Higher or lower duty cycles are used for different purposes. During sculpting, energy is needed to create a groove in the lens, so higher rates work better because the shorter time between pulses results in smoother delivery of energy. When nuclear quadrants are being removed, a lower duty cycle is better because the long interval between the pulses facilitates emulsification and aspiration of the fragments.
Finally, using burst mode, each burst has the same power, but the interval between bursts decreases with foot-pedal depression: the more the foot pedal is depressed, the shorter the off time is between bursts. “The identical bursts of energy are delivered more and more rapidly with foot-pedal depression; with maximal depression, the time interval between bursts is very small, making for continuous energy delivery,” Dr Park said.

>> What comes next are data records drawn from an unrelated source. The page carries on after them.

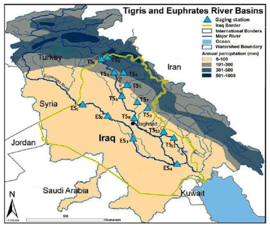 Tigris–Euphrates Rivers basin (source: Issa [17] (p. 424)).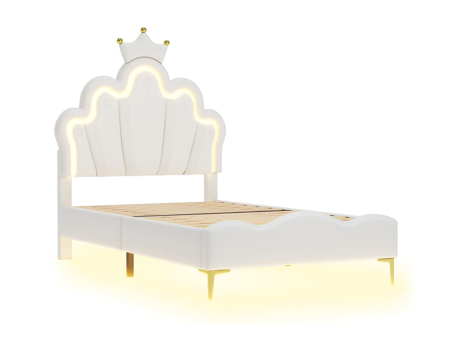 Lit Enfant 90x200cm, Lit pour Enfant rembourré avec lumière LED réglable, pour Fille Adolescente avec tête de Fleur et sommier à Lattes, sans Matela, Blanc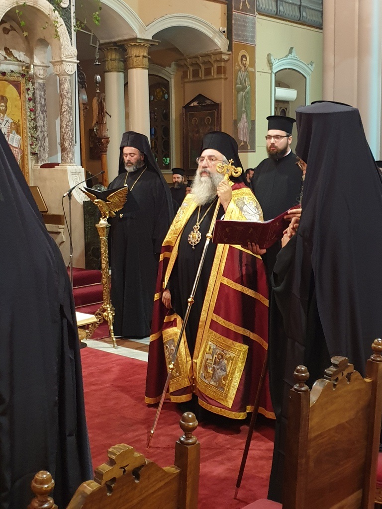 Της Θείας Λειτουργίας προεξήρχε ο Σεβασμιώτατος Αρχιεπίσκοπος Κρήτης κ. Ευγένιος, συλλειτουργούντων Αρχιερέων της Επαρχιακής Συνόδου της Εκκλησίας Κρήτης, του Οικουμενικού Πατριαρχείου και της Εκκλησίας της Ελλάδος, παρουσία τοπικών αρχών και πλήθους πιστών.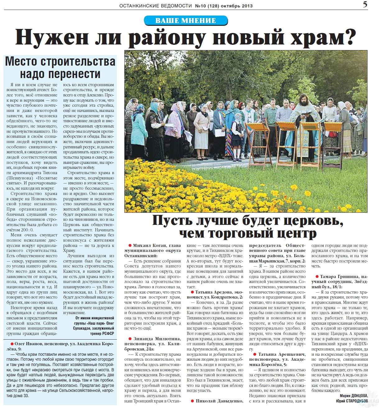 1. абсолютно все противники храма на Новомосковской улице в Останкино не живут.

Burst mode allows for true phaco-assisted aspiration of the nucleus; the fluidics and vacuum can be used for aspiration and give small bursts of power as needed. Lower phaco power settings should be used in burst mode compared with pulse or continuous mode because of the absence of linear control at the phaco power level.
Regarding the choice of these three modes, Dr Park noted that the ability to programme timing and duration, combined with the directional modes (i.e., transverse and torsional phaco), allow the surgeon to have “highly elegant control and precise ultrasound power delivery”.
This is another technology that has resulted in increased efficiency in nuclear disassembly: femtosecond laser-assisted cataract surgery (FLACS) works through photodisruption, which vaporises the targeted tissues. This is similar to the mechanism of phaco, but it occurs at the near-infrared wavelength, which is not absorbed by optically clear tissues.
The laser is focused to 3 microns and is especially useful for targeting specific depths. The waves dissipate approximately 100 microns from the targeted tissue, and the endothelium is not affected. Dr Park explained that femtosecond pre-treatment significantly reduces the effective phaco time compared with conventional phaco surgery, thus reducing loss of endothelial cells and allowing faster visual rehabilitation.
FLACS allows the surgeon to decide the pattern of lens fragmentation. Using FLACS to create the quadrants, there is no need to use phaco to sculpt the lens; the surgeon can go directly to removal of the quadrants after nuclear disassembly along the lines created by the laser. As a result, lower total energy is used in the eye, making nuclear removal easier.
The disadvantages of FLACS for experienced high-volume surgeons are the cost, increased surgical time and minimal long-term enhanced visual outcome. However, FLACS may be advantageous for use on brunescent cataracts in patients with Fuchs’ dystrophy. “There are many means of modulating phaco power to achieve outstanding results in cataract surgery and provide the best patient care,” Dr Park concluded.